A federal District court judge has nixed a rightwing "voter fraud" group's Motion to Intervene on behalf of the state of Texas in the U.S. Dept. of Justice's lawsuit to block the Lone Star state's polling place Photo ID restriction law.
Last month, The BRAD BLOG reported on the DoJ's Opposition motion filed in response to the motion by the Republican "voter fraud" fraudsters who call themselves "True the Vote" (TTV). In its motion, TTV sought to become a party to the DoJ's federal legal challenge to SB-14, the state's polling place Photo ID restriction law which TX Attorney General Greg Abbott (R) instituted just hours after the U.S. Supreme Court demolished one of the central protections of the long-standing federal Voting Rights Act this past summer.
Last week, U.S. District Court Judge Nelva Gonzales Ramos tersely dismissed TTV's motion, issuing a two-page order [PDF] finding that the organization's "interests are generalized and are adequately represented by the State Defendants."
"The Court finds that True the Vote's intended contribution to this case may be accomplished without the necessity of, or burden incident to, making it a party," Ramos said.

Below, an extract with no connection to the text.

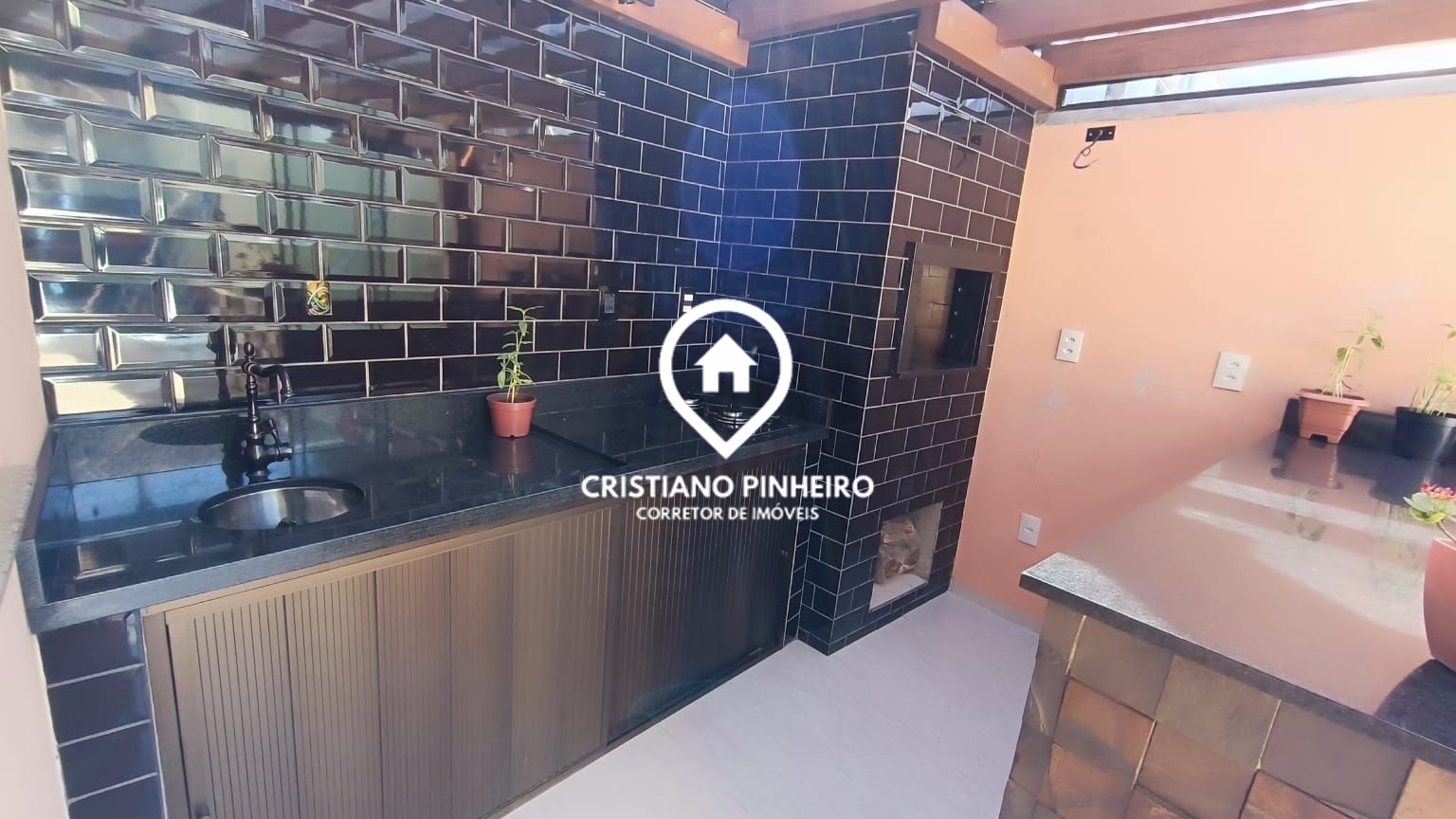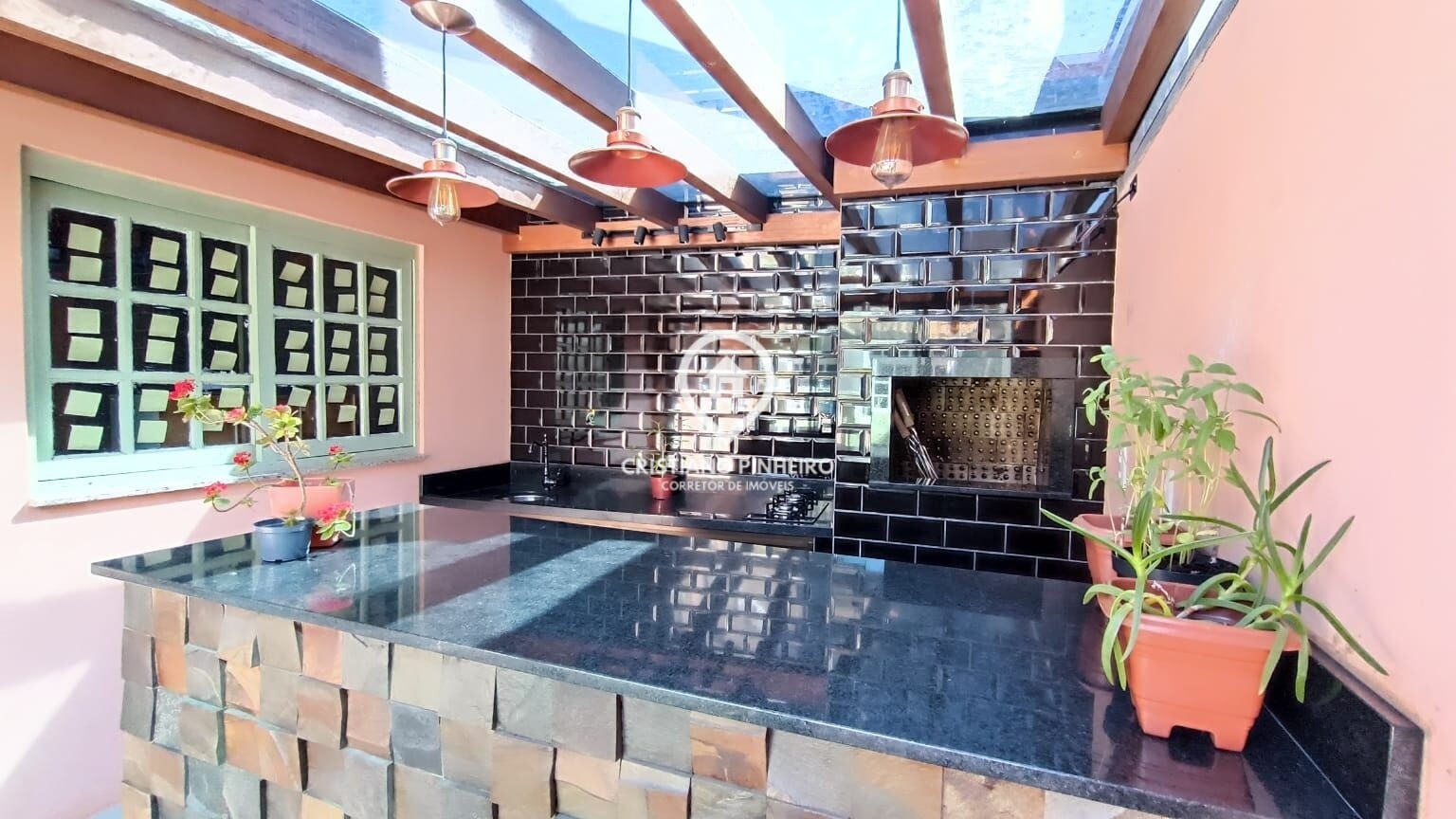 Linda área gourmet em pergolado de madeira nobre com teto de vidro com película, piso em porcelanato e bancadas de granito, equipada com churrasqueira, cooktop, pia e armários, fechada com portas de vidro, jardim grande, cobertura para 1 carro mais um espaço para outro descoberto e portão eletrônico.

The Judge's ruling was in line with the DoJ's own response to TTV's motion. They had argued that the group had not established a right to intervene because their motion detailed little more than a generalized grievance and because its allegation "that illegal voting might be prevented by enforcement of SB 14 is, at best, speculative." Permissive intervention was inappropriate because, the DoJ argued at the time, since the group was adequately represented already by the State of Texas itself. Its participation in the case, the DoJ claimed, would be unduly burdensome in that the group seeks to divert the court's attention from the legal issues relating to polling place Photo ID restriction laws "to issues concerning True the Vote's numerous allegations of purported voter registration irregularities."
In our previous piece on the DoJ's response to True the Vote, we highlighted the group's extraordinary track record of deceptive voter suppression tactics and noted that it would be "absurd" that the hapless TTV should be ever be taken seriously by anybody, much less allowed to intervene in a critical federal lawsuit.
Although the court will still permit TTV to file amicus curiae (friend of the court) briefs, last week's ruling should serve to help expedite the proceedings without unnecessary diversionary tactics from this unreliable, deceptive Republican voter suppression front group.
Judge Ramos has set a September 2014 trial date in the case, which will come just two months before Abbott, defending the state as AG, will likely face his own election contest for Governor as the Texas Republican Party's currently-presumptive nominee. This past September, we detailed how the TX law at issue had already been found in violation of both federal law and the Constitution in previous cases that had come before the courts prior to the U.S. Supreme Court carving out the heart of the federal Voting Rights Act in late June of this year.